7/5/16

Mi nombre no es tan importante como lo puede ser mi testimonio. No recibí un milagro directo de Jesús de Nazareth, tampoco fuí parte de los 12 discípulos que lo acompañaban siempre. Por el contrario, estuve en sentado durante horas en el verde prado del monte mientras escuchaba sus enseñanzas, también estuve el día en que multiplicó los panes y los peces.


El día en que lo tomaron preso, y que la noticia llegó como un susurro voz a voz fuí a ver qué había pasado. De lejos lo ví. Ya lo estaban azotando. Luego alguien me contó que Pedro, uno de sus 12, le negó. Seguramente si esa noche me hubieran preguntado por él, también lo habría negado.


Todas las esperanzas se estaban yendo como cuando un río se lleva la arena. Tres días después de su muerte nos dijeron que había resucitado, tal como lo decían las escrituras, y esto indicada que él era el Mesías. La confianza regresó. No confiábamos en un carpintero. Creíamos que él era el Mesías.


También estuve en el monte, ví como subió al cielo. Y recuerdo muy bien que nos dijo que nos quedáramos en Jerusalén hasta que viniera poder de lo alto. Así lo hicimos. Pasaron 50 días de partida, y su presencia me hacía falta. Sus palabras, sus enseñanzas, su poder. Un vacío se sentía.


Ese día nos reunimos como 120 seguidores de Jesús. Estábamos reunidos tal como él lo dijo. Unos recordaban sus enseñanzas, otros sus milagros, otros cantaban, otros oraban como él les dijo. De repente hubo un sonido muy fuerte, y un viento llenó toda la casa.
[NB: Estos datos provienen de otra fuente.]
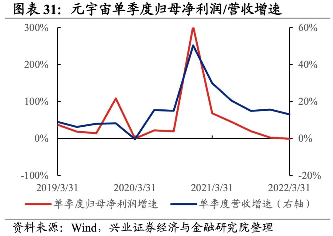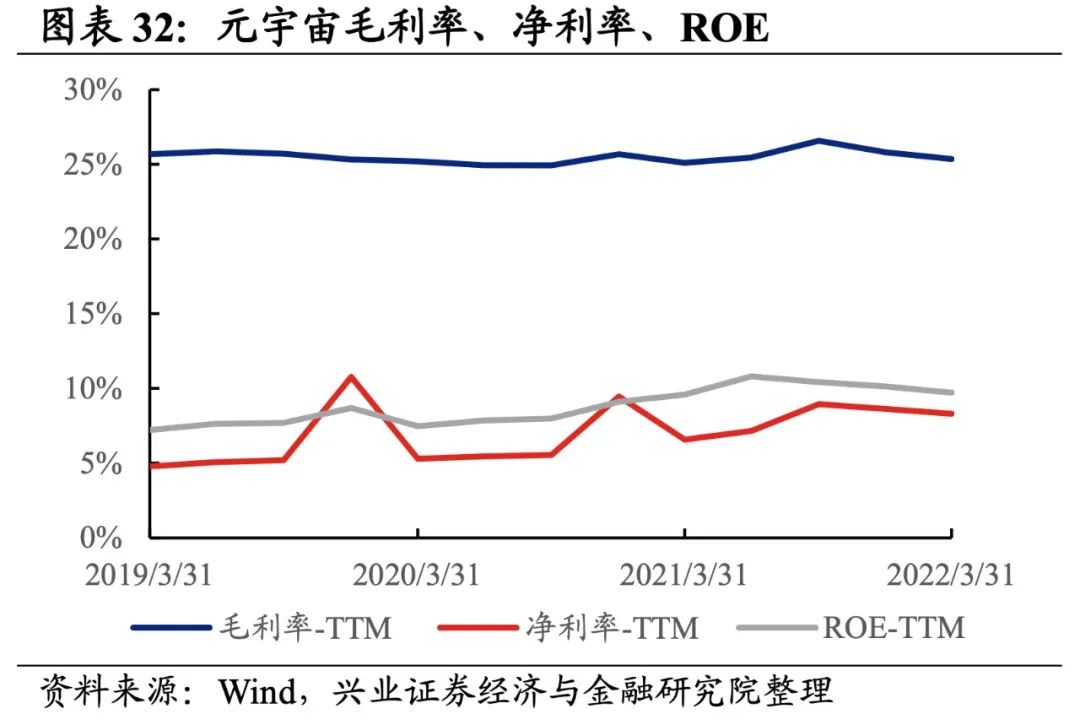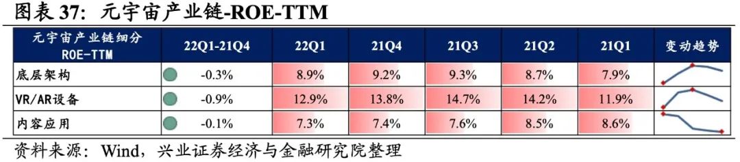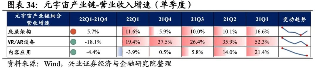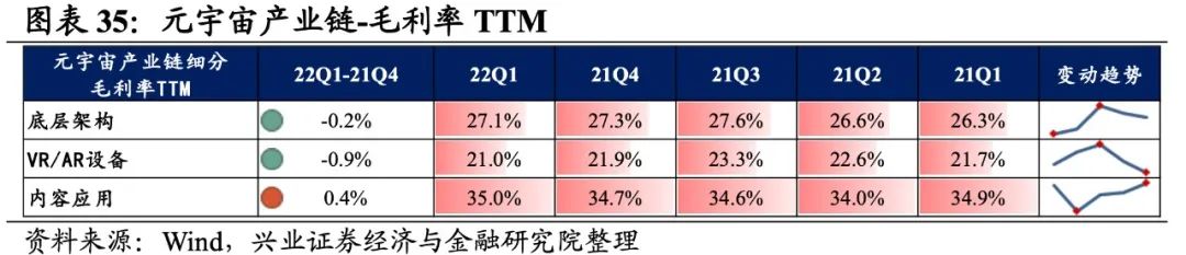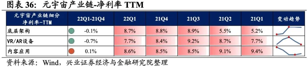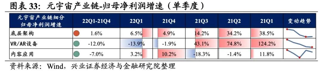 元宇宙产业链归母净利润增速持续回落,盈利能力有所回落。从元宇宙产业链整体来看,22Q1单季度归母净利润增速、营收增速分别是-0.71%、13.09%,较21Q4单季度增速分别回落3.1pct、2.5pct,归母净利润增速持续回落至负区间。盈利能力有所回落,毛利率、净利率、ROE下滑0.5pct、0.3pct、0.4pct。

Lo sentí de nuevo. Ahí estaba. Su presencia era real. Pero ahora no era como antes cuando lo escuchaba en medio de la multitud. Ahora lo sentía cerca, qué digo cerca, los sentía dentro de mi corazón.


Mi corazón no cabía de la dicha. Comencé a alabarlo, a darle la gloria, comencé a hablar con él. Ahora que lo recuerdo debo decir que no lo hacía en mi propia lengua, sino en una lengua distinta. Las palabras no alcanzan para describir lo que se siente que Dios llene el corazón de un hombre. Ese día fuimos todos llenos del Espíritu Santo.

Su promesa se había cumplido. Tal como lo dijo, ahora estaba entre nosotros. Pero no digo con nosotros, quiero decir dentro de nosotros. Vivir con junto a Jesús es una experiencia que te da mucho que testificar, pero que Jesús viva en tu corazón es una bendición que te asegura salvación.  ¿Habita Jesús en tu corazón?

Si nunca has experimentado el poder de Dios en tu vida, lo puedes hacer. El Espíritu Santo está dado, es para tí. Sentir a Dios en tu vida te transformará.